The presence of thrombus in LAA has been considered a contraindication to percutaneous LAA closure since the manipulation of catheter and device may lead to systemic embolisation. We used partial deployment technique of umbrella at the orifice of LAA as described in some reported cases.1) Thereafter, the system was advanced up to the landing zone where the device was completely delivered trying not to touch the thrombus.
In selected patients LAA closure in the presence of thrombus is safe and feasible and should not be considered an absolute contraindication.2)

Figures and Tables

Figure 1

TEE at 135o shows a multilobed LAA with small thrombus in superior lobe (left). LAA ostium with maximum diameter of 21 mm (right).

TEE = transesophageal echocardiography; LAA = left atrial appendage.
kcj-50-281-g001
Figure 2

Sentinel was introduced by right radial approach with its 2 baskets placed in right brachiocephalic trunk and left common carotid artery, respectively.

kcj-50-281-g002
Figure 3

Partial delivery of umbrella component (left).
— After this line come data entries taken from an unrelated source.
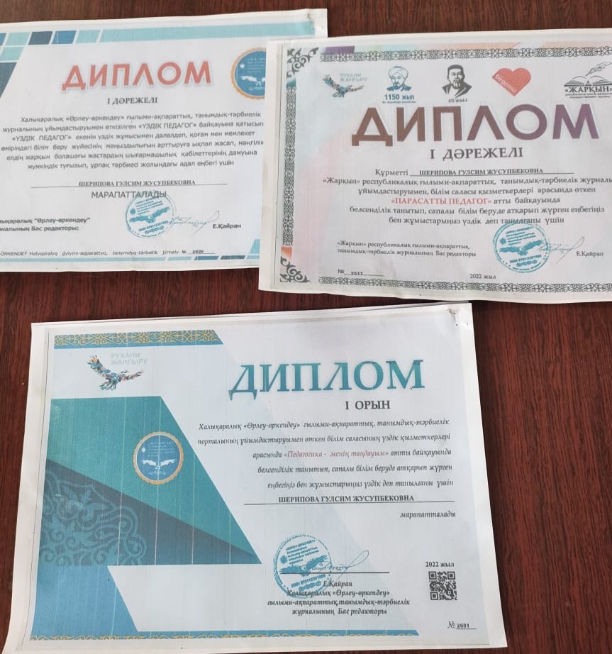 Х/қ «Өрлеу-өркендеу» ғылыми ақпараттық , танымдық-тәрбиелік журналы ұйымдастыруымен өткен «Үздік педагог» және «Парасатты педагог» атты байқауларына үздік жұмысымен қатысып, мәңгілік елдің жарқын болашағы жастардың шығармашылық қабілеттерінің дамуына мүмкіндік туғызып, ұрпақ тәрбиесіндегі еңбегі үшін Шерипова Гулсім Жүсүіпбекқызы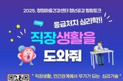[경기뉴스원/경기뉴스1] | 수원시청소년청년재단(이사장 최종진) 청청마음건강센터는 오는 12월 6일 오후 2시부터 4시까지, 관내 청년(19~39세) 및 지역주민의 심리 및 정서 지원을 위한 청년공감 힐링토크 “응급처치 심리학, 직장생활을 도와줘”를 개최한다고 밝혔다. 이번 청년공감 힐링토크는 “심리학, 직장생활을 도와줘” 책의 저자이자 조직 및 산업심리학 박사인 박진우 박사를 초청하여 청년 직장인의 안녕감과 조직의 성과 향상을 위한 심리적 기술을 업무 현장에 쉽게 적용할 수 있도록 도울 예정이다. 강연 내용으로는 ▲1부(14:00~15:00)에서 청년들의 성공적인 직장생활을 위한 심리 기술을 전달하고 ▲2부(15:00~16:00)는 직장생활에서 경험하는 다양한 상황과 고민에 대한 솔루션을 제공한다. 광교청소년청년센터 4층 멀티강의실에서 운영되는 이번 강연은 관내 청년 뿐 만 아니라 관심 있는 지역주민 누구나 무료로 사전신청(QR코드)을 통해 참여가능하다. 청청마음건강센터 관계자는 “청년공감 힐링토크”를 통해 직장생활을 잘하고 싶은 청년 개개인에게 필요한 심리기술을 제공하고, 솔루션을 통해 청년들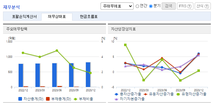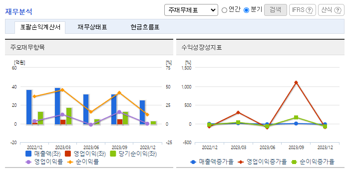 -2023년 12월 전년동기 대비 별도기준 매출액은 26.8% 감소, 영업이익은 46.5% 감소, 당기순이익은 23.3% 감소. 동사는 매출이 20% 넘게 감소하면서, 매출원가가 큰 폭으로 감소했음에도 불구하고, 영업이익이 절반 가까이 줄어듦. 동사의 매출원가 감소 주요 요인은 전기 코로나19 장기화에 따른 안전재고 확보 과정에서 증가한 재고자산의 평가손실충당금 설정 영향임.
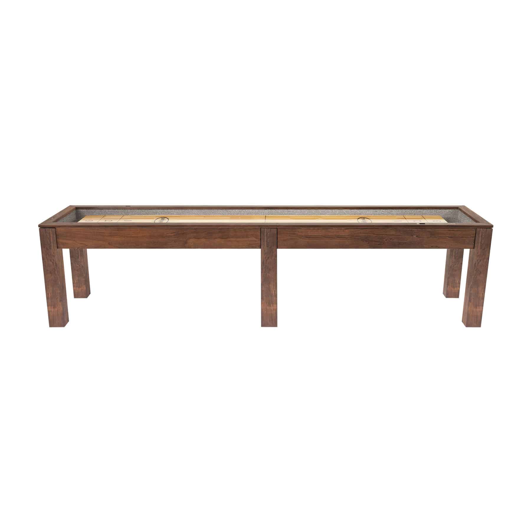 The Imperial Penelope 12 Ft Shuffleboard Table comes in 9 or 12-foot versions and is made of solid Aspen wood in a beautiful Whiskey finish. The solid Aspen wood playfield includes a 1/8″ protective Polymer coating, ensuring and years of fun and enjoyment for the entire family! The Penelope Shuffleboard’s solid wood post legs keep the table perfectly level during play while the sleek playfield provides great puck slide. The table includes 8 pucks (4 red and 4 blue), table brush, can of Speed Wax, and 2 scoring units.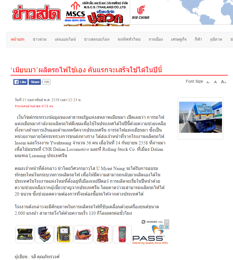 รถไฟทำความเร็วได้ ตั้ง 110 กิโลเมตร/ชั่วโมง

Concave shape of the LAmbre's cover at the LAA entrance (right).

LAA = left atrial appendage.
kcj-50-281-g003
Figure 4

TEE shows proper placement of LAmbre 24/30 mm with its disk covering the LAA entrance (superior right and left). There is a no significant leak at the upper edge (superior left). Three-dimensional TEE depicts the LAmbre' cover (inferior left) at the entrance of LAA. Fluoroscopy image of LAmbre's release after confirmation of proper positioning and device stability (inferior right).

TEE = transesophageal echocardiography; LAA = left atrial appendage.
kcj-50-281-g004

Notes

Conflict of Interest The authors have no financial conflicts of interest.

Author Contributions

  • Conceptualization: Mohandes M, Pernigotti A.

  • Data curation: Morr CI

  • Writing - original draft: Mohandes M.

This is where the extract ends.